—Maestro, ¿a qué se refiere con eso? ¡He pagado! —Zuo Qingya se sintió decididamente descontenta.
¿Por qué le pedían que se fuera?
—Amitabha —dijo el Maestro Miaoguang calmadamente—. La ira del cielo puede ser perdonada, pero aquel que acarrea su propia perdición no puede vivir.
—¿A qué se refiere con traer mi propia perdición? ¡Clarifique sus palabras! —Zuo Qingya entró en pánico—. ¡Si no lo explica, no me iré hoy!
De repente, el Maestro Miaoguang abrió mucho los ojos, su mirada penetrante, y su voz se volvió fría:
—Has robado a los demás, y ahora es el momento de devolver lo que no es tuyo. ¿Cómo te atreves a hablar tan descaradamente aquí?

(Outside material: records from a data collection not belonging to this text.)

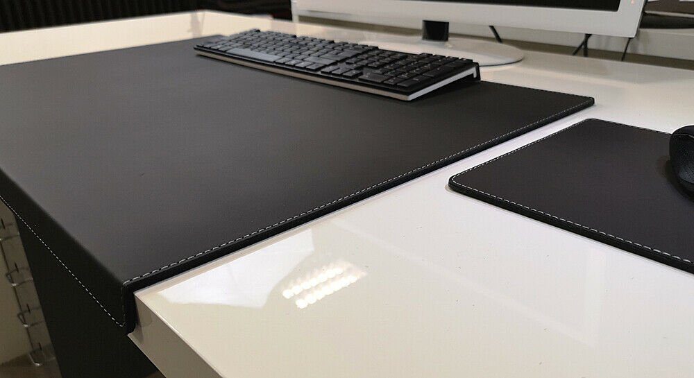 Profi Mats Schreibtischunterlage gewinkelt + Mauspad Echt Leder Schwarz silber Naht 90x47
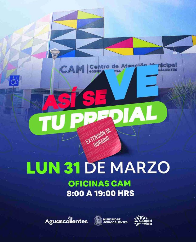 La titular de la Secretaría de Finanzas del Municipio de Aguascalientes, Miriam Rodríguez Tiscareño, informó que para facilitar el pago de predial y que más ciudadanos aprovechen el descuento de 10 por ciento por pronto pago, el sábado 29 y domingo 30 de marzo de 2025, el Centro de Atención Municipal (CAM) abrirá sus puertas de las 8:00 de la mañana a las 3:00 de la tarde.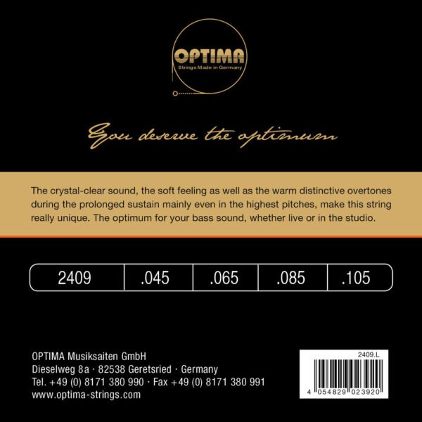 Round wound Gold Bass strings:24 Karat gold platedLong scale 34 = 88cmAvailable in 4 different tensions and as set for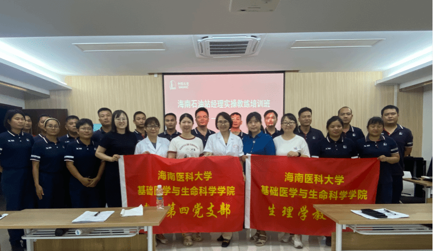 7月9日,基础医学与生命科学学院教工第四党支部、生理学教研室携手中国石化海南分公司,在中国石化海南分公司培训中心举办生理学教研室科普系列活动,普及血糖概念和相关理论知识,参加本次科普活动的生理学团队成员:王丹妹、樊守艳、朴伶华、李祎莹、焦瀚仪、董战玲等老师。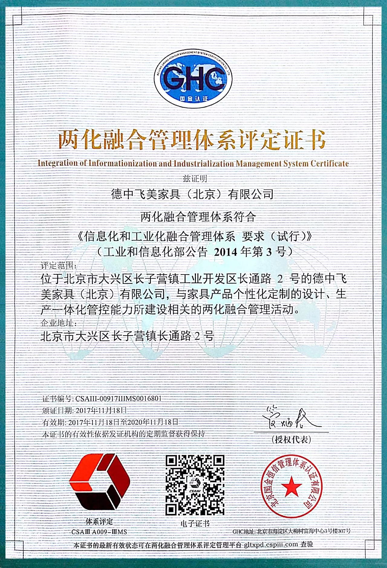飞美家具按照两化融合管理体系认真组织开展工作,于2017年11月18日正式通过两化融合管理体系评定,获得证书。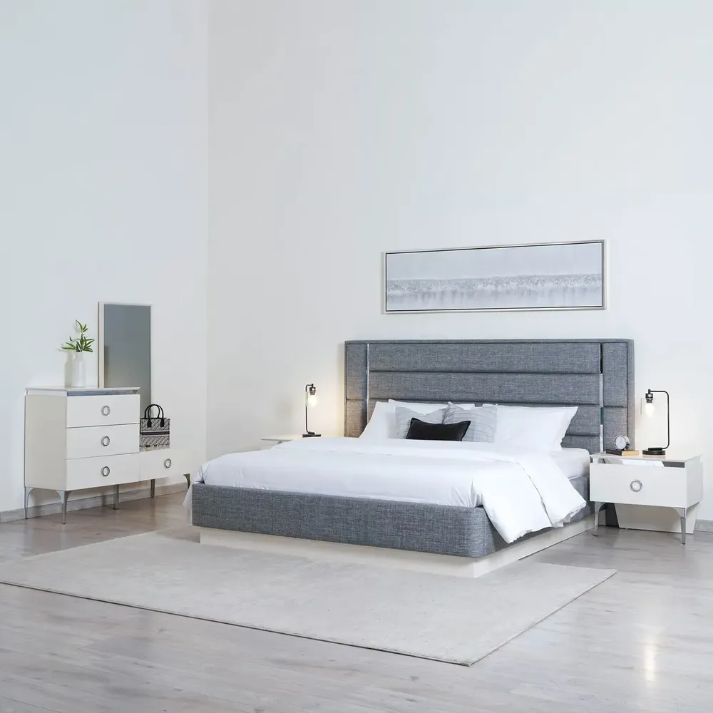 Simple White Deco Bedroom Suite with LED Headboard and Polished Chrome Accents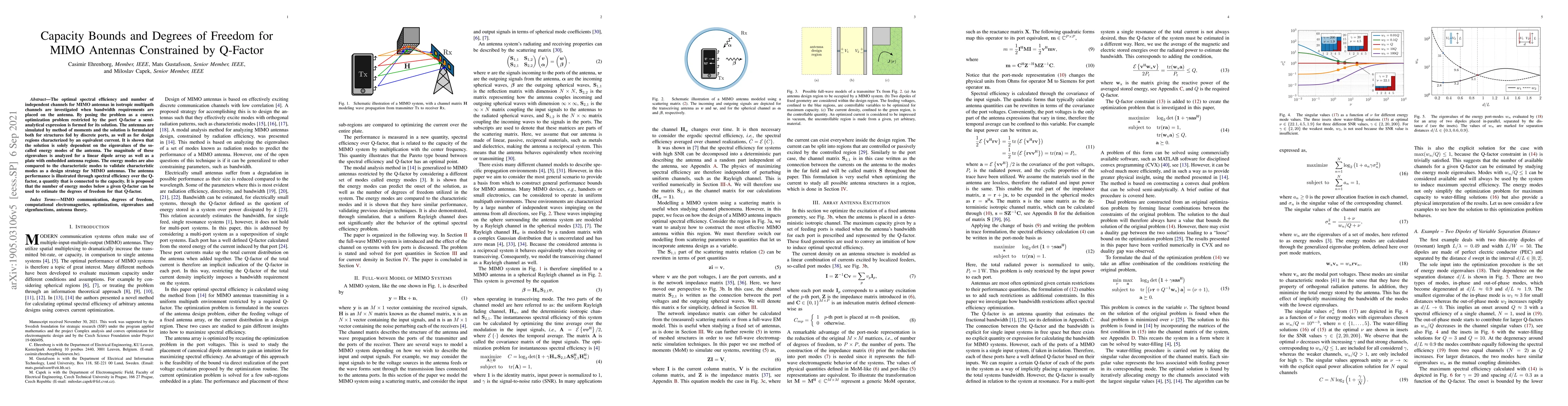 The optimal spectral efficiency and number of independent channels for MIMO antennas in isotropic multipath channels are investigated when bandwidth requirements are placed on the antenna. By posing the problem as a convex optimization problem restricted by the port Q-factor a semi-analytical expression is formed for its solution. The antennas are simulated by method of moments and the solution is formulated both for structures fed by discrete ports, as well as for design regions characterized by an equivalent current. It is shown that the solution is solely dependent on the eigenvalues of the so-called energy modes of the antenna. The magnitude of these eigenvalues is analyzed for a linear dipole array as well as a plate with embedded antenna regions. The energy modes are also compared to the characteristic modes to validate characteristic modes as a design strategy for MIMO antennas. The antenna performance is illustrated through spectral efficiency over the Q-factor, a quantity that is connected to the capacity. It is proposed that the number of energy modes below a given Q-factor can be used to estimate the degrees of freedom for that Q-factor.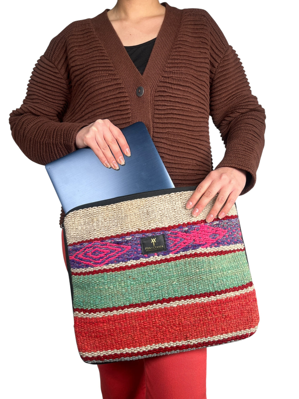 Funda de computador, tejida a mano 100% lana, acolchada y forrada. Medidas 28 x 33 cm. Las compras efectuadas en accesorios no tienen derecho a cambios ni devoluciones.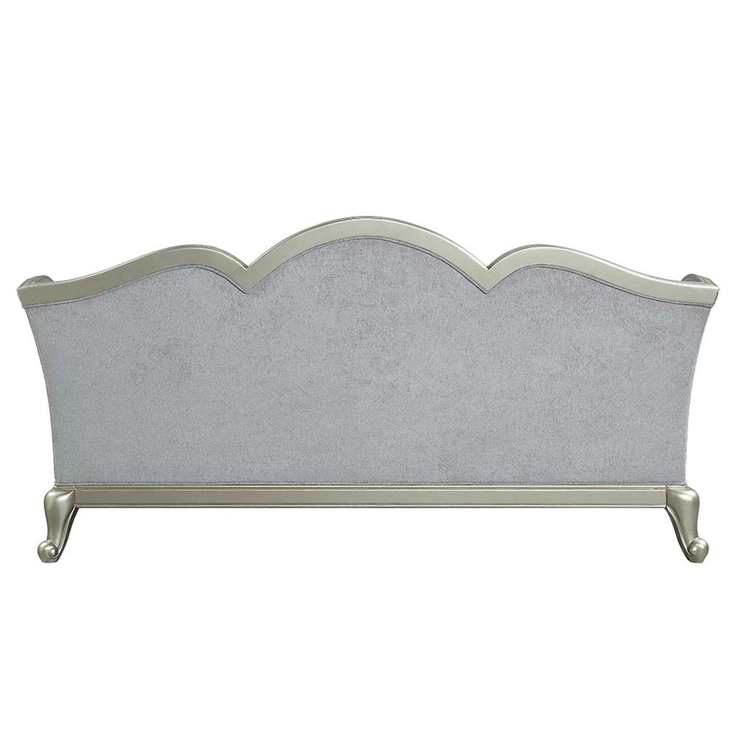 With a timeless silhouette influenced by French beauty, this Qunsia sofa makes a gracious statement in a comforting light gray linen upholstery fabric. Delicate curves invite the eye, while cabriole legs the champagne wooden trim that adds visual impact. Accent pillows in varying prints lend a look that's polished, yet impressive.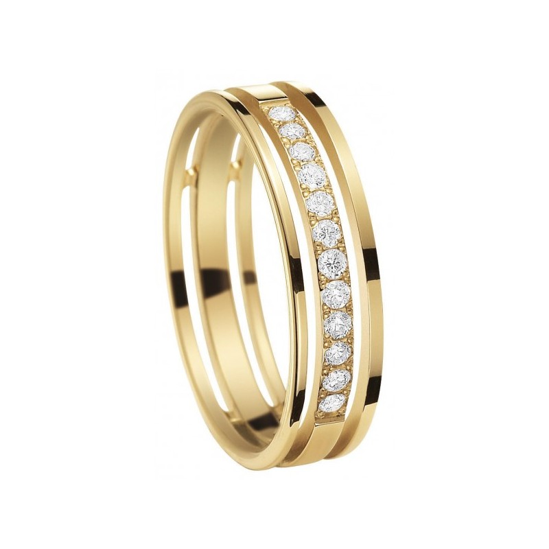Nous vous présentons une magnifique alliance de mariage en or jaune. Cette bague est séparé en trois anneaux ajourée, avec un demi-tour en diamants. Toutes nos alliances sont disponibles en or jaune, blanc ou rose, avec ou sans diamants. La forme et les motifs de votre future alliances sont modifiables.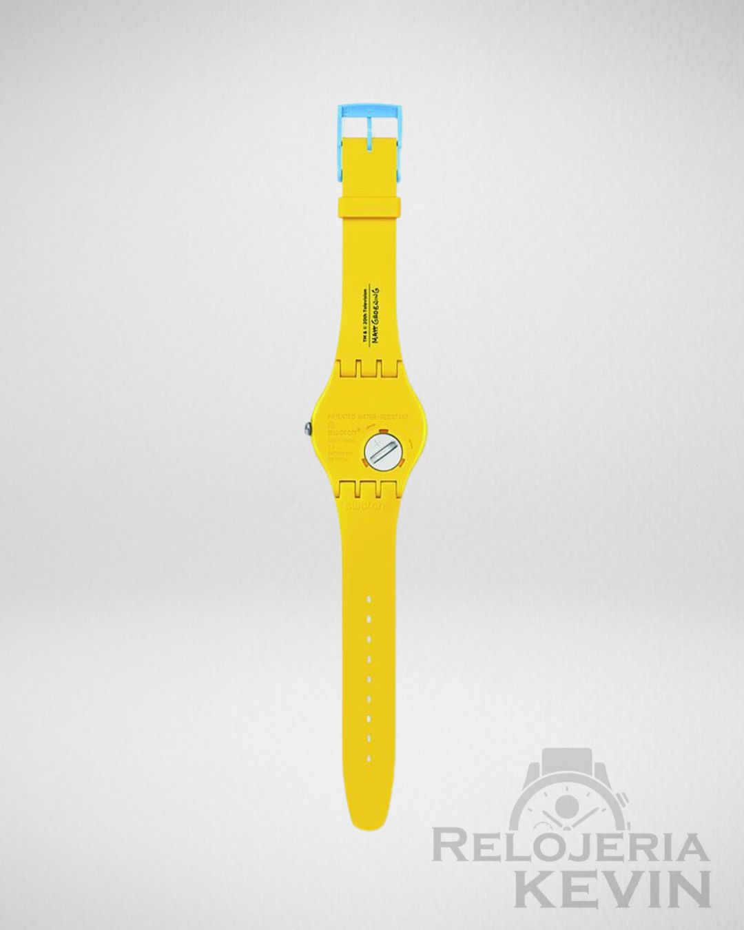 El Swatch SO29Z134, parte de la colaboración con Los Simpson, es un reloj que combina diseño lúdico y materiales sostenibles. Inspirado en el amor de Homero Simpson por los donuts, presenta una esfera amarilla con la imagen de un donut mordido y una correa que simula un donut glaseado con chispas de chocolate.

—Jingyuan, despide al invitado.
—Por favor, benefactora —el joven monje, secándose el sudor, se adelantó.
—¿Qué te pasa, monje? —Zuo Qingya gritó furiosa—. ¿Qué quieres decir con que he robado? ¿A quién le he robado? ¡Habla! ¿Cómo puedes calumniarme así?
Y al mismo tiempo, se sentía algo culpable.